APPLICATION: BSI CIS, Chip Stacking, MEMS, TSV, Power Devices, Logic & Memory.
- Thin Si wafer thickness down to 1 μm-backgrinding uniformity
- Si/Si, Si/Tape, Glass/Si bonded wafer—bonding uniformity
- CMP – uniformity
- Trench/via (i.e. TSV) depth measurements- etch/scribe uniformity
- Surface roughness (option)
- Bump height (option)
- Trim depth and width (option)
Special Features
- Measures Substrate Thickness in Multiple Layers using
Non-contact Optical System - High Precision XY Stage (0.5m) (optional)
- Pattern Recognition (optional)
- Robotic Handling System
- Programmable Data Points
- Measures Silicon Via Depth with Microscope Option
- Excellent Repeatability & Reproducibility
Specifications
| Spot size: | 6μ ~40μ |
| Working distance: | ~ 20mm |
| Si Thickness range : | |
| Single Probe | 15 ~ 780um |
| Dual Probe | ~ 3mm |
| Wavelength: | 1.3±0.03μ |
FSM 413 Thickness Measurement System Working Principle
Measurement Principle
- Thickness Measurement By Single Probe
The basic principle of the tool is utilizes the low coherent SLED light source in Michelson interferometer as shown in Figure 2. One branch of the splitted beam goes to the measurement stage and another branch of the splitted beam goes to scanning mirror which moves at the frequency of 10Hz with stroke 5mm. The schematic of dual probes of FSM 413-SA-DP is shown in Figure 3. Each probe has a reference mirror, which sends the light back to detector to make a reference signal.

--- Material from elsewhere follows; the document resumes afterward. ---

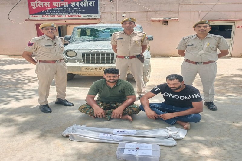 जयपुर। कोटपूतली-बहरोड़ जिले के हरसौरा थाना पुलिस ने संगठित अपराधों के खिलाफ कार्रवाई करते हुए पेट्रोल पंप पर डकैती की योजना बनाते दो कुख्यात आरोपियों को हथियारों सहित गिरफ्तार किया है, जबकि छह अन्य आरोपी अंधेरे का फायदा उठाकर मौके से फरार हो गए। पुलिस ने इनसे एक थार गाड़ी, देसी कट्टा और तीन जिंदा कारतूस बरामद किए हैं।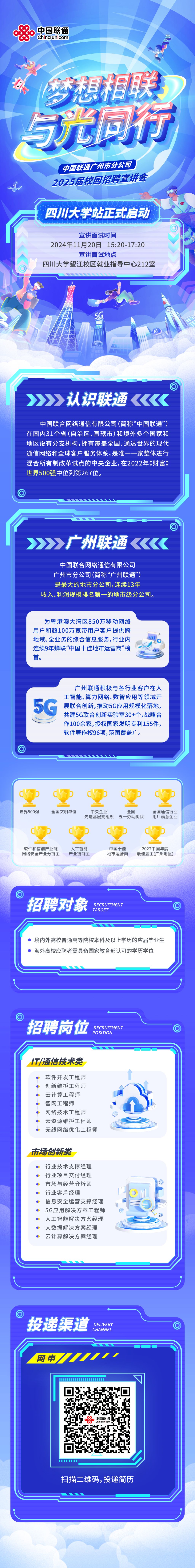 🎉📣重要通知!我校杰出校友力荐,广州联通莅临bat365在线体育登录进行专场招聘!广州联通不仅是:

These reference signals are useful for warp, TSV depth, trench depth, bump height, and total thickness measurement. Light reflected from reference mirror, and the interface of each layers of wafer produces interference signals in the each probe as it passes through. The typical interference signal of the single probe is in Figure. 4. The distance between the second and the third peak in single probe is used to calculate the thickness of the sapphire in bottom probe or the thickness of wafer in top probe. The measurement with single probe necessitates knowledge of the refractive index of each layer to calculate its thickness.
2.Total Thickness Measurement By Dual Probe
Dual probe measurement uses a block gauge to determine L=A+B+BG first, where A is the distance between reference mirror signal and top surface signal in top probe, B is the distance between reference mirror signal and bottom surface signal in bottom probe at the block gauge, and BG is the known thickness of metal block gauge. The typical signal at block gauge is in Figure 5. Then, the thickness of sample can be calculated from t=L-a-b, where a is the distance between reference mirror signal and top surface signal in top probe and b is the distance between reference mirror signal and bottom surface signal in bottom probe at the sample. Refer to Figure. 6. For dual probe measurement, one doesn’t need to know the refractive index beforehand.
Figure 4. A typical interference signal of the wafer for the top (a) and bottom (b) probe. a is a distance between the reference mirror signal and the top surface signal of the wafer. b is a distance between the reference mirror signal and the bottom surface signal of the sample.
Figure 5. A typical interference signal at block gauge for the top (A) and bottom (B) probe. A is a distance between the reference mirror signal and the top surface signal of the block gauge. B is a distance between the reference mirror signal and the bottom surface signal of the block gauge.
Figure 6.The procedure of the thickness measurement with dual probe is the following: first, it determines L=A+B+BG at the position of block gauge. Then, it measures sample thickness( t=L-a-b) at the sample position. The line square in the picture is block gauge of known thickness (500μm) and the dotted square is sample thickness.